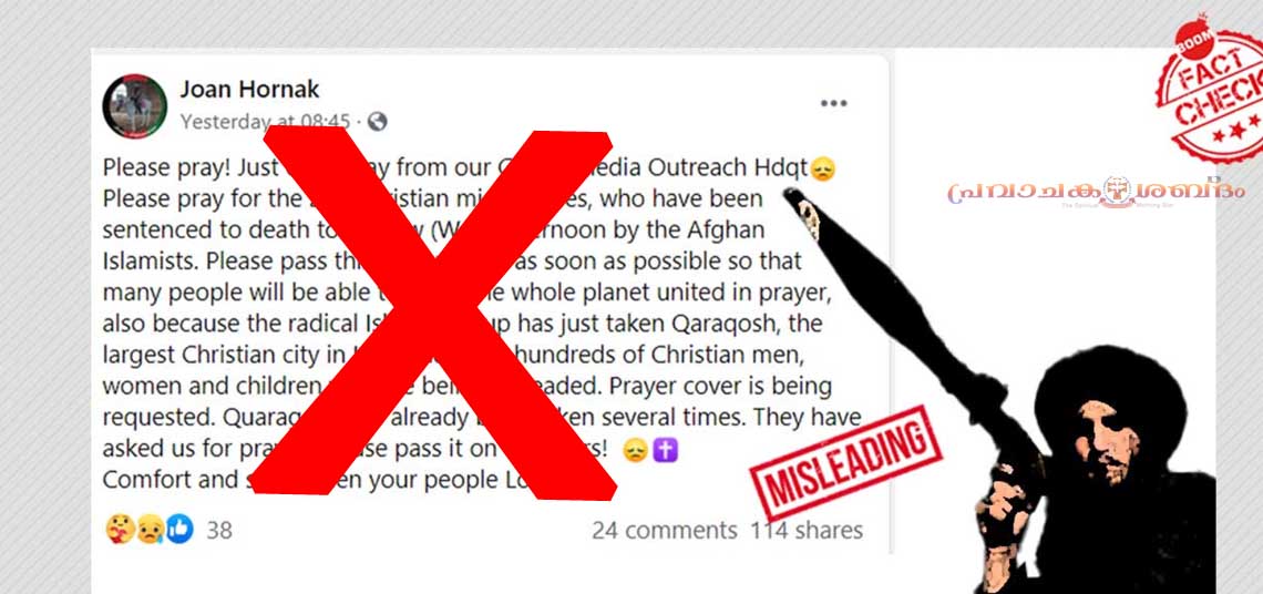 കാലിഫോര്ണിയ: ഇസ്ലാമിക തീവ്രവാദി സംഘടനയായ താലിബാന് അഫ്ഗാനിസ്ഥാന് പിടിച്ചടക്കിയതിനു പിറകേ 229 ക്രിസ്ത്യന് മിഷ്ണറിമാരെ കൂട്ടക്കൊല ചെയ്യുവാന് ഒരുങ്ങുന്നു എന്നതരത്തില് പ്രചരിക്കുന്ന സന്ദേശം വ്യാജം. വാട്സാപ്പ്, ഫേസ്ബുക്ക് അടക്കമുള്ള സമൂഹ മാധ്യമങ്ങളിലൂടെയാണ് “അഫ്ഗാനിസ്ഥാനിലെ ഇസ്ലാമിക തീവ്രവാദികള് നാളെ ഉച്ചകഴിഞ്ഞ് കൊല്ലുവാന് തീരുമാനിച്ചിട്ടുള്ള 229 ക്രിസ്ത്യന് മിഷണറിമാര്ക്ക് വേണ്ടി പ്രാര്ത്ഥിക്കൂ” എന്ന ഉള്ളടക്കമുള്ള സന്ദേശം പ്രചരിക്കുന്നത്. കഴിയുന്നവര്ക്കെല്ലാം ഇത് ഷെയര് ചെയ്യാനും പോസ്റ്റില് പറയുന്നുണ്ട്. ചില ഫേസ്ബുക്ക് പേജുകളില് ആയിരക്കണക്കിന് ആളുകളാണ് ഇത് ഷെയര് ചെയ്തിരിക്കുന്നത്. മലയാള പരിഭാഷയോട് കൂടി മിക്ക വാട്സാപ്പ് ഗ്രൂപ്പുകളിലും ഈ സന്ദേശം പ്രചരിക്കപ്പെടുന്നുണ്ട്. എന്നാല് ഇത് വ്യാജമാണ്.
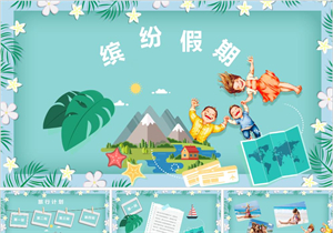 缤纷暑假暑期旅游纪念相册动态PPT模板
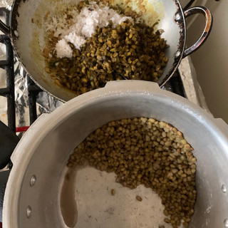 Soak this overnight or for 4 hours in enough water.Drain and pressure cook the soaked Cherupayar by adding 1/4 cup water (without adding salt)for a whistle.
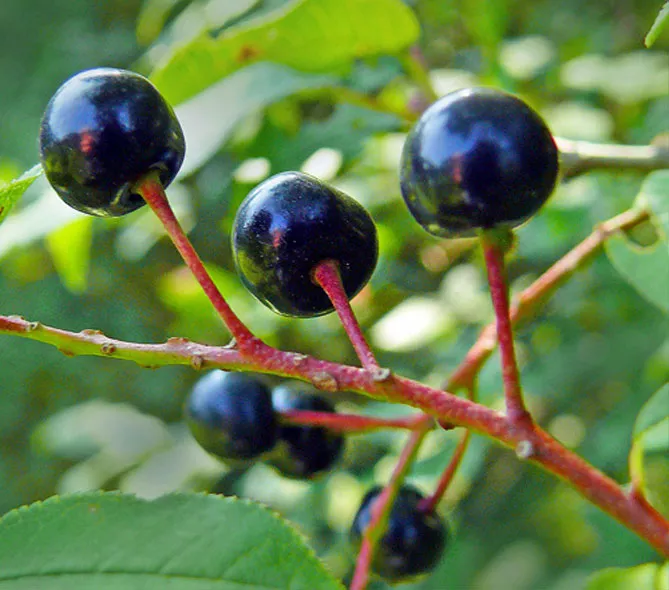 Грона круглих плодів розміром із горошину дозрівають у липні-серпні. Ці м'ясисті чорні кістянки з великими кісточками, що мають кислий та терпкий смак, переважно поїдаються птахами, але з них можна робити кислі лікери, желе або джеми. Вони містять невеликі кількості ціановодню, який зникає після кип'ятіння. Урожай рослина дає з інтервалом від 1 до 3 років.

▸ Directions
Repeat the data above exactly, leaving out any pictures it holds.

▸ Output of the task
 കാലിഫോര്ണിയ: ഇസ്ലാമിക തീവ്രവാദി സംഘടനയായ താലിബാന് അഫ്ഗാനിസ്ഥാന് പിടിച്ചടക്കിയതിനു പിറകേ 229 ക്രിസ്ത്യന് മിഷ്ണറിമാരെ കൂട്ടക്കൊല ചെയ്യുവാന് ഒരുങ്ങുന്നു എന്നതരത്തില് പ്രചരിക്കുന്ന സന്ദേശം വ്യാജം. വാട്സാപ്പ്, ഫേസ്ബുക്ക് അടക്കമുള്ള സമൂഹ മാധ്യമങ്ങളിലൂടെയാണ് “അഫ്ഗാനിസ്ഥാനിലെ ഇസ്ലാമിക തീവ്രവാദികള് നാളെ ഉച്ചകഴിഞ്ഞ് കൊല്ലുവാന് തീരുമാനിച്ചിട്ടുള്ള 229 ക്രിസ്ത്യന് മിഷണറിമാര്ക്ക് വേണ്ടി പ്രാര്ത്ഥിക്കൂ” എന്ന ഉള്ളടക്കമുള്ള സന്ദേശം പ്രചരിക്കുന്നത്. കഴിയുന്നവര്ക്കെല്ലാം ഇത് ഷെയര് ചെയ്യാനും പോസ്റ്റില് പറയുന്നുണ്ട്. ചില ഫേസ്ബുക്ക് പേജുകളില് ആയിരക്കണക്കിന് ആളുകളാണ് ഇത് ഷെയര് ചെയ്തിരിക്കുന്നത്. മലയാള പരിഭാഷയോട് കൂടി മിക്ക വാട്സാപ്പ് ഗ്രൂപ്പുകളിലും ഈ സന്ദേശം പ്രചരിക്കപ്പെടുന്നുണ്ട്. എന്നാല് ഇത് വ്യാജമാണ്.
 缤纷暑假暑期旅游纪念相册动态PPT模板
 Soak this overnight or for 4 hours in enough water.Drain and pressure cook the soaked Cherupayar by adding 1/4 cup water (without adding salt)for a whistle.
 Грона круглих плодів розміром із горошину дозрівають у липні-серпні. Ці м'ясисті чорні кістянки з великими кісточками, що мають кислий та терпкий смак, переважно поїдаються птахами, але з них можна робити кислі лікери, желе або джеми. Вони містять невеликі кількості ціановодню, який зникає після кип'ятіння. Урожай рослина дає з інтервалом від 1 до 3 років.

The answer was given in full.